Which in Ireland is as near a left-field recognition as you will get. But okay, it pissed me off, so I snarled,

“Have you read his books?”

Got the incredulous look and this,

“They’re stabbing books.”

Argue that.

More and more, odd events triggered events from my past. My father was a good, gentle man. How he ended up with my walking bitch of a mother is a mystery. He never once laid a finger on me. Which, nowadays, abuse seeming to be almost mandatory, is indeed remarkable.

But my dear mammie ?

Phew-oh, cunt on wheels.

I came home from school, I was about eleven, a hot dinner and care was not the order of the day. She was waiting behind the door and floored me with a wallop to my head, stood over me with her weapon of choice, a thin nasty reed, with tiny embedded studs.

No wonder the clergy loved her. She was their poster girl of punishment, the embodiment of piety and pious posing.

She hissed, spittle leaking from the corners of her small, mean mouth.

“Did you steal the rich tea biscuits?”

We had biscuits?

I burbled,

“No, cross my heart and hope to die.”

She had systematically beaten me for a full four minutes.

I counted.

You think, four?

That’s not so bad.

It is.

Immersed in a dark past, I told myself,

“Get some air, pal.”

I did.

The sun was still beating down and hordes of Irish bewildered thronged Eyre Square. I sat at the top, near the John F. Kennedy memorial. God, we love them there Kennedys, even Teddy.

A woman, nicely dressed, with a solid bearing, holding the hand of a gorgeous little girl, dressed like Holly Hobbie. (Remember her? Little bonnet, cute booties, channeling Laura Ingalls Wilder.* [1] From Little House on the Prairie . )

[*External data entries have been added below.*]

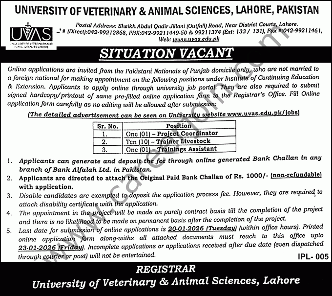 The University of Veterinary and Animal Sciences in Lahore has announced several openings for qualified candidates. These roles cover a range of areas in veterinary and animal sciences. The positions offer a chance to work in a leading institution focused on education and research in Lahore.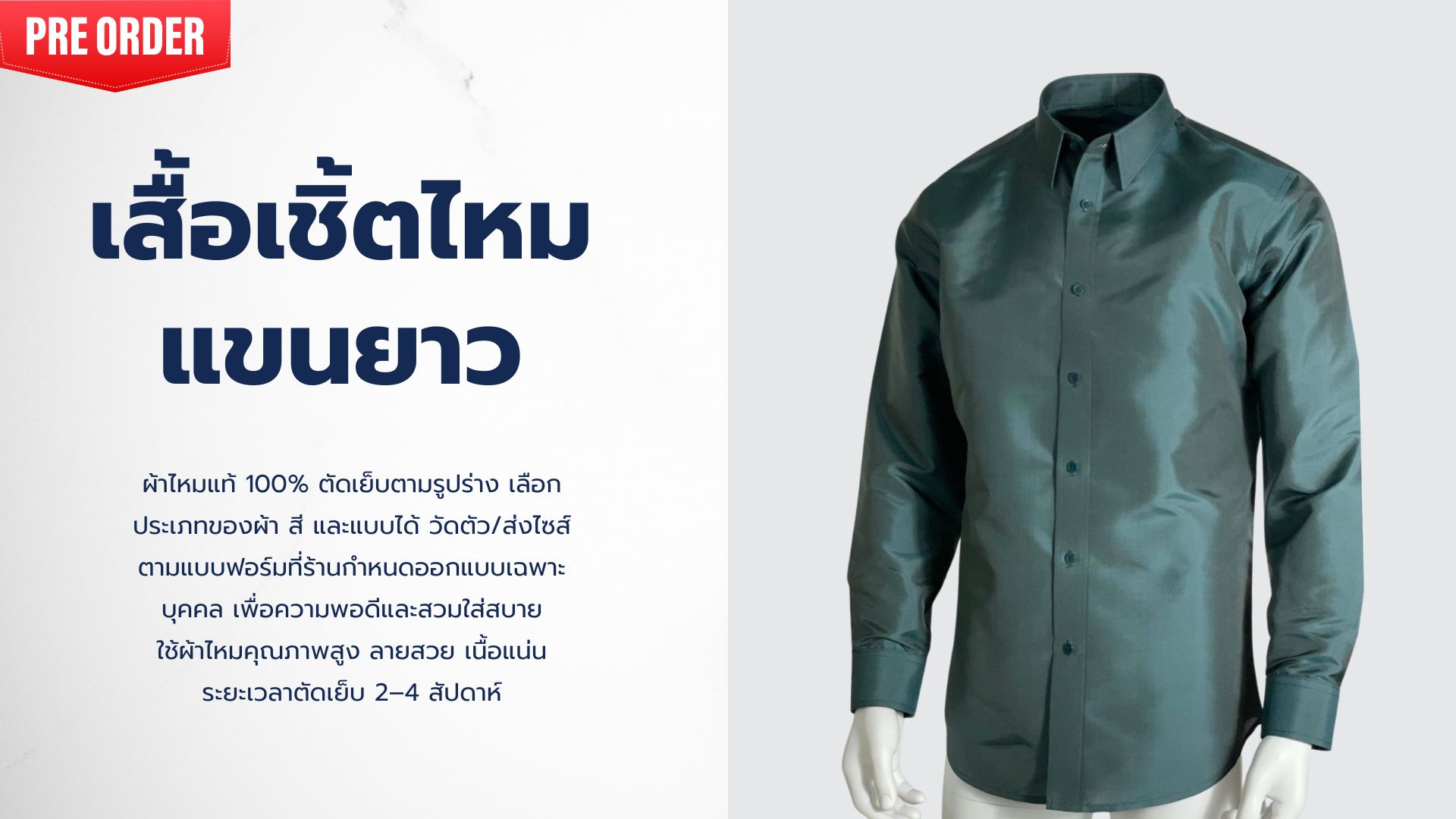 เสื้อเชิ้ตผ้าไหมแขนยาว ตัดเย็บ…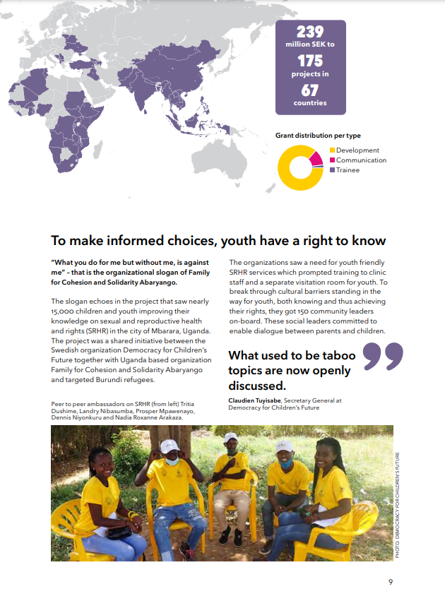 DBF och samarbetsorganisationen FCS Abaryango som verkar i flyktinglägret Nakivale Refugee Settlement finns omnämnda i Forum Civs årsrapport för 2021. I projektet som slutade i mars 2021 har vi utbildning ungdomsambassadörer inom reproduktiv och sexuell hälsa och de har i sin tur nått ut till ett stort antal burundiska flyktingar i lägret.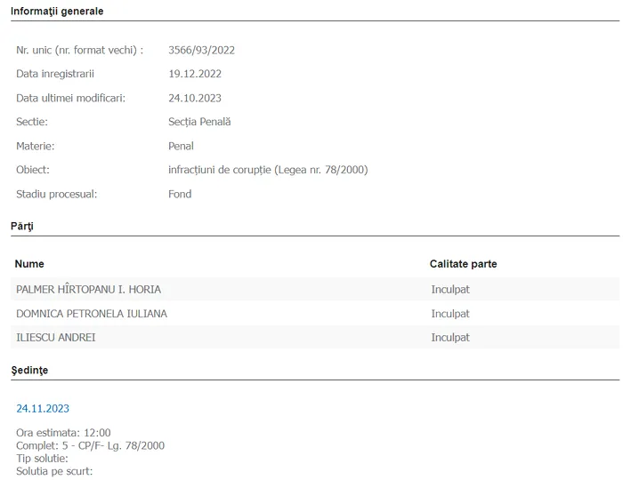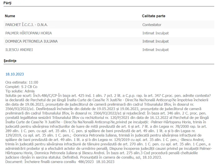 Dispune începerea judecăţii cauzei privind pe inculpaţii Palmer-Hîrtopanu Horia, Domnica Petronela Iuliana şi Iliescu Andrei. În baza art. 275 alin.3 Cod procedură penală cheltuielile judiciare rămân în sarcina statului. Definitivă. Pronunţată în camera de consiliu, azi, 18.10.2023. Document: Încheiere finală camera consiliu  486/2023  18.10.2023”, au decis magistrații Curții de Apel București.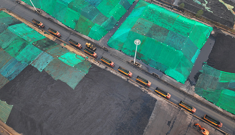 11月28日,在江蘇連云港港煤炭碼頭,車(chē)輛在轉(zhuǎn)運(yùn)到港的電煤(無(wú)人機(jī)照片)。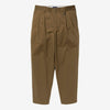 生地目の詰まったオーガニックコットンカツラギを使用したDC-3ツイルトラウザーズ。ツータックの腰回りから裾口へゆったりテーパードしたシルエット、斜め間口のサイドポケット及び片玉縁のヒップポケットを配し、背面にボックスロゴのパッチ、ベージュのみKhaKeeのピスネーム付き。腰帯のスレキには「DC-3 | Wide」及びベージュのみ「KhaKee」のプリント。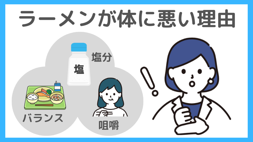 ラーメンが体に悪いと言われる理由は、大きく分けて以下の3つです。

The * is for “footnote”; if you want to go literary, have at least one footnote.

The woman approached, the little girl smiling hesitantly.

The woman.

Something in the way she moved.

She stood right in front of me, said,

“Gretchen, say hello to your father.”

If you go far enough

into

the past

you will meet

yourself

coming back.

(Galway drinking song lyric)

17

I stared at the woman, asked,

“Kiki?”

Oh, my sweet shocking Lord.

My ex-wife.

Though if you measure in time quantity it barely scraped under the legal wire.

* * *

After the Guards, such is how I see my dismissal from said force, I went to London.

Went to bits.

Living on Ladbroke Grove (not at all like in the Van Morrison song), and in some barely remembered haze, met and married a German professor of metaphysics. In her defense, she was even more into booze than me. I think she thought I was some sort of Behan manqué.

Two weeks and she was howling for divorce.

I had a beard as my hands shook too much to shave.

* * *

A child?

Really?

I thought,

What the fuck.

The chronology I figured would be about right.

I think.

She asked,

“You do not remember me?”

In a tone that leaked a now recalled severity in her speech. Maybe it was a German thing to be so direct. I said,

Guten Tag, Gedichte und Briefe zweisprachig .”

How I dredged that up, Christ knows.

But she liked it and, even better, so did the child.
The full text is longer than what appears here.